歯周ポケットの中に歯垢や歯石が溜まっていて、自分では取り除くことができないため、歯科医院で専用の器具を用いて、歯周ポケット内の歯垢や歯石を取り除きます。
深いポケットの場合は、麻酔をして処置する必要があります。

重度

歯周ポケットがかなり深くなるため、専用の器具を使っても通常の基本的な治療では完全に歯石を取り除くのが難しくなってきます。
基本的な治療でもポケットの深さが改善されず、ポケット内で細菌が増殖し、ブラッシングではどうしても除去できない状態や、歯周病の進行が止められない状態に対しては、外科的にポケットの深さを減少させます。
歯ぐきを切開し、歯槽骨を露出させて手術を行います。
近年では、特殊な材料を用いて部分的に失われた骨であれば、骨を再生させられる手術(再生療法)を行う場合もあります。手術はそれぞれの病態にあった方法が適応されます。
進行しすぎて歯のぐらつきがひどい場合には抜歯になります。

歯周病とむし歯の違いは

原因菌が違う

歯周病とむし歯はどちらも細菌によって引き起こされますが、それぞれ原因となる細菌は全く異なります。

破壊される場所が違う

歯周病は歯を支えている歯茎や骨などの組織がだんだんと破壊されていきますが、歯自体は破壊されることはありません。
一方むし歯は歯の質自体が、むし歯菌の出す酸によって溶かされ、徐々に破壊されていきます。

かかりやすい年齢層が違う

歯周病の場合、軽度の歯肉炎であれば、ブラッシング不足の子供たちでもよく起こりますが、骨の破壊を伴う本格的な歯周病は30代〜40代くらいからかかり始める人が多いです。
ただし、近年、食生活の変化もあり、若年者の歯周病が増加している傾向にあります。

痛みの出方が違う

むし歯は進行するにつれて、中の神経に近づいていきます。
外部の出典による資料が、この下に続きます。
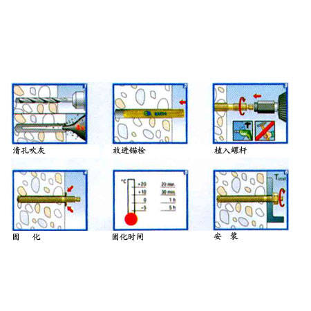钻孔—清孔—置入药剂管—钻入螺栓—凝胶过程—硬化过程—固定物体
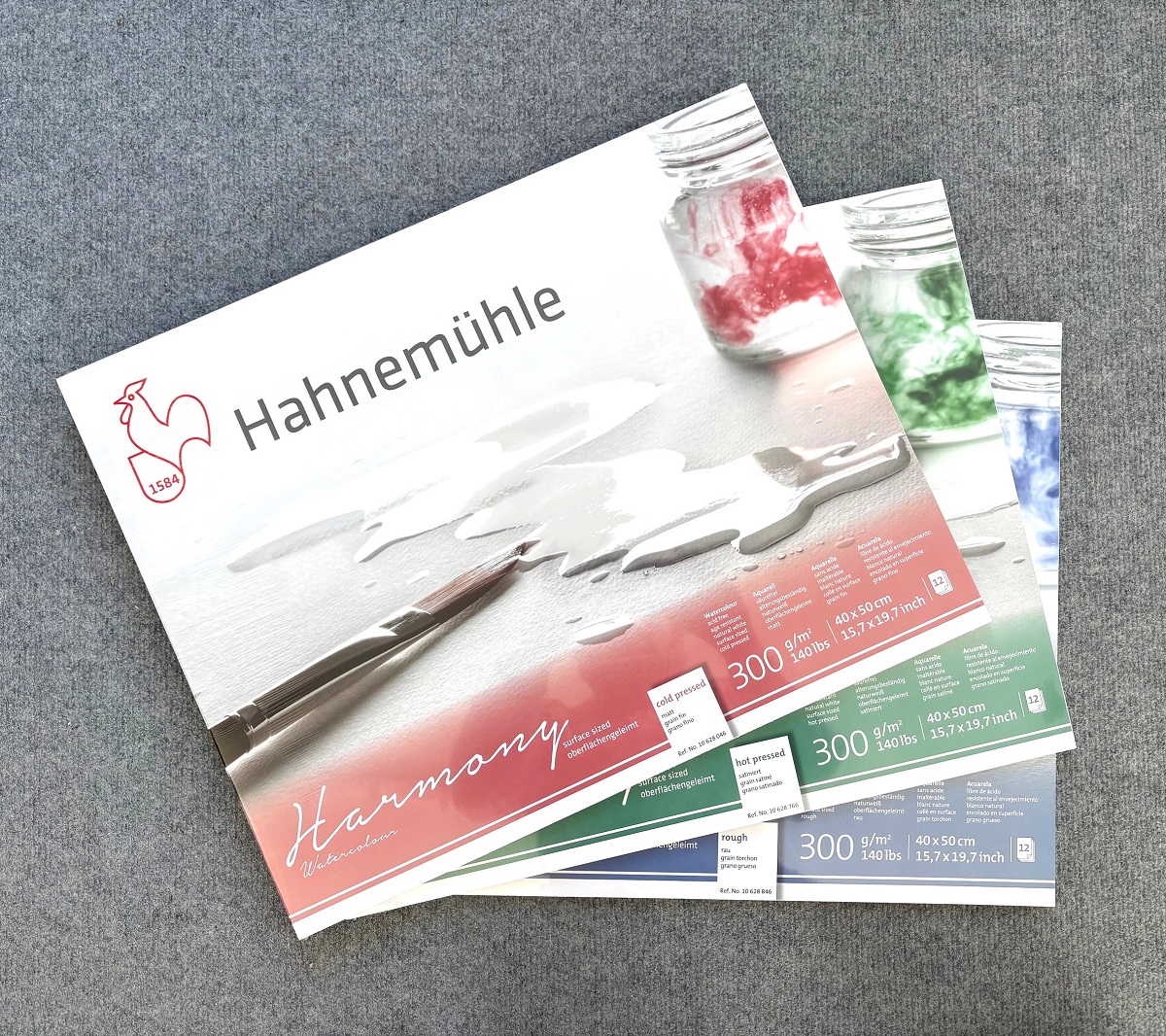 Harmony akvarelpapir, cold pressed, hot pressed eller rough fra Hahnemühle er et syrefrit, naturlig hvidt, 300g papir. Du får meget for pengene.

そのため、穴が深くなっていくと徐々に冷たいものや熱いものでしみたり、甘いものを食べるとジーンとする、というような痛みが出てきます。
それに対し、歯周病は骨の破壊が起こっても痛みを出すことがほとんどなく、気がついたら歯がグラグラになってびっくりするということが多いものです。

進行の仕方が違う

むし歯は一歯単位で進行していくのに対し、歯周病の場合は一歯単位の場合もあれば、全体的に病状が進行する場合があります。
一気に歯が何歯もぐらついてきて数本同時に失う、ということも少なくありません。
そのため、歯を失うショックは歯周病の場合が大きいです。

歯周病に関して気をつけること

歯周病はサイレントディジーズ(静かに進行する病気)とよく呼ばれます。
これは痛みなどの症状をほとんど出さずに進行していくことが多いためです。
特に、小さい頃からむし歯にかかったことがなく、ほとんど歯医者のお世話にもなったことがないというのが自慢だ、という人ほど歯周病が進行してしまっていることがあり要注意です。
むし歯と歯周病は全く別ものであり、むし歯にかかったことがないからといって歯周病にかからない、ということでは全くありません。
歯周病は放置しておいて進行すると怖い病気ですが、早いうちからきちんと対処、予防していけば発症させない、または進行させないようにすることが十分可能な病気でもあります。
全身の健康を守るためにも、ぜひ定期的に歯科医院に検診やメインテナンスで通院し、歯周病ケアを しっかりと行っていきましょう。